Так они говорили друг с другом.
— Сегодня очень много выпито, — заметил Накадзуми, — и мы вряд ли сможем поговорить на этом пиру по душам.
— То, что мы смогли встретиться и открыться друг другу, — уже счастье, которое принесла эта ночь, — ответил Накатада.
— Я вскоре навещу вас. — С этими словами Накадзуми отправился домой.
Ночь прошла в развлечениях и шуме.
После ухода гостей Канэмаса пошёл к госпоже из северных покоев.
— Всё ли ты хорошо разглядела на этом пиру?[170] — спросил он жену. — Наш сын выглядел лучше других.
— Разве я что-нибудь понимаю в таких вещах?

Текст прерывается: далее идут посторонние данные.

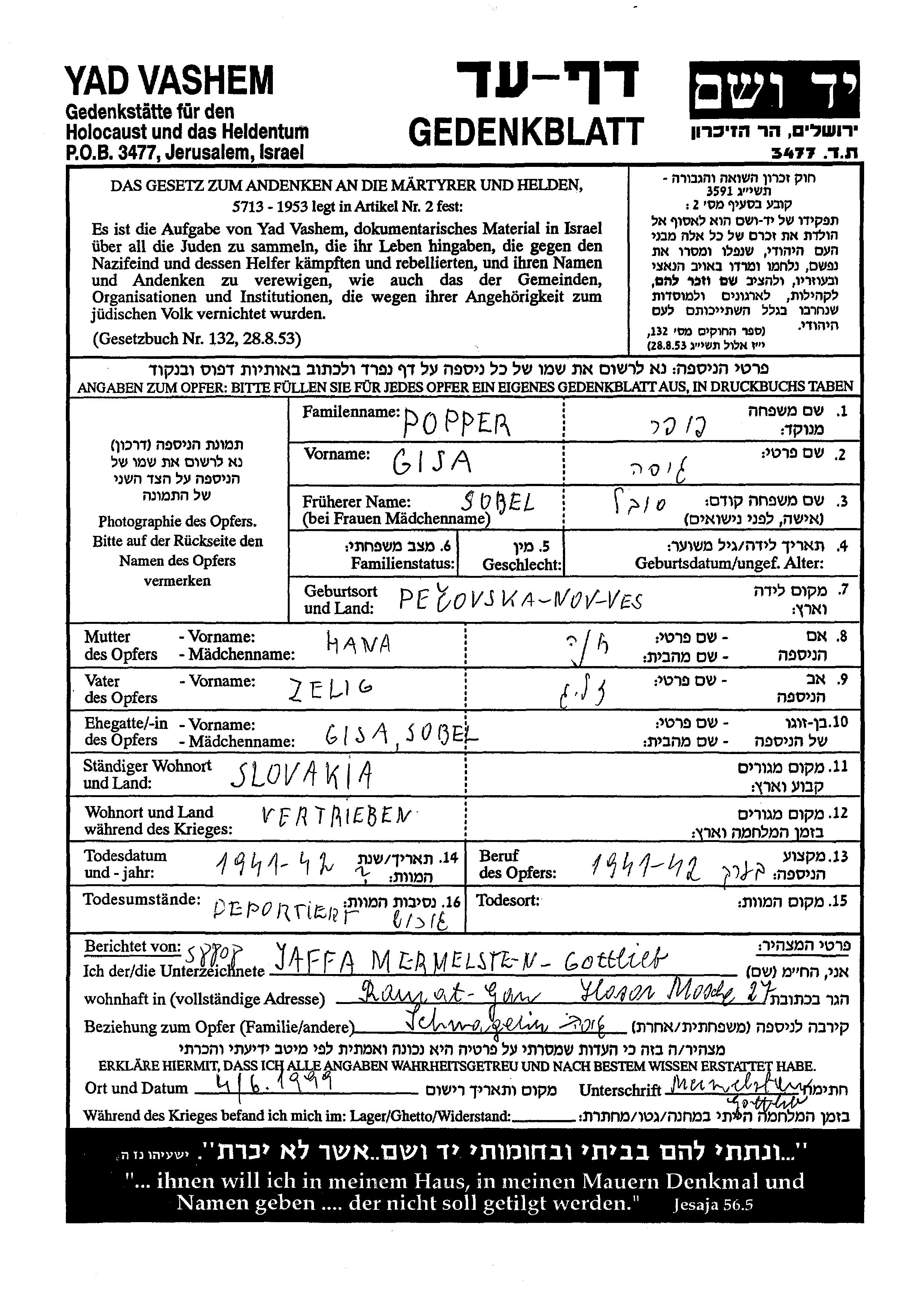 Gisa Popper, geb. Sobel wurde in Pecovska Nova Ves, Tschechoslowakei geboren. Sie war die Tochter von Zelig und Khana. Vor dem Zweiten Weltkrieg lebte sie in Slovakia, Tschechoslowakei. Während des Krieges war sie in Slowakei.

— Не говори так, ведь ты очень проницательна. Как замечательно, что твой покойный отец, который в музыке не уступал небожителям, передал тебе своё искусство! — продолжал Канэмаса. — Похоже, все уверены, что Накатада равен тебе в этом мастерстве. Масаёри не бросает слов на ветер, а он сказал, что за музыкальный талант Накатада отдаст ему в жёны свою дочь — дочь, о которой все в Поднебесной только и говорят и которая смущает покой многих молодых людей. Отец не соглашается отдать её даже наследнику престола. Может быть, Накатада и не получит её в жёны, но обещание Масаёри всё равно приятно.
— Сам господин Масаёри очень хорош! — промолвила его жена. — У него и дети должны быть необыкновенно красивы.

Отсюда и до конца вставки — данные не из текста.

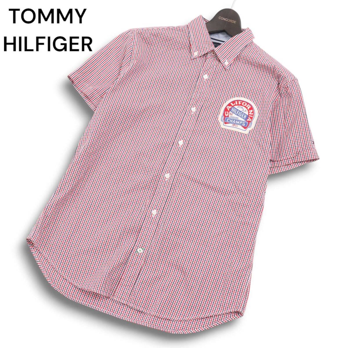 - TOMMY HILFIGER トミーヒルフィガー ロゴ刺繍★ California 半袖 チェック ボタンダウン シャツ Sz.M メンズ

— Он действительно редкий человек. Пирсы всегда кончаются полным забвением этикета, а он, даже выпив вина, выгодно отличался от других.
Поговорив о прошедшем пиршестве, они отправились спать.
Накатада не пошёл на службу и тоже лёг спать.
Приятно проведя время у Канэмаса, левый генерал возвратился к себе. Его провожали Накаёри и Юкимаса.
— Это будет нашей ночной службой, — сказали они.
Когда Масаёри вошёл в дом, госпожа спросила его:
— Почему так поздно?
— Пиршество было столь замечательно! Я на подобном никогда не бывал. Все остальные гости ещё там до сих пор, — ответил он. — Ах, какую изумительную музыку слышал я сегодня благодаря Атэмия!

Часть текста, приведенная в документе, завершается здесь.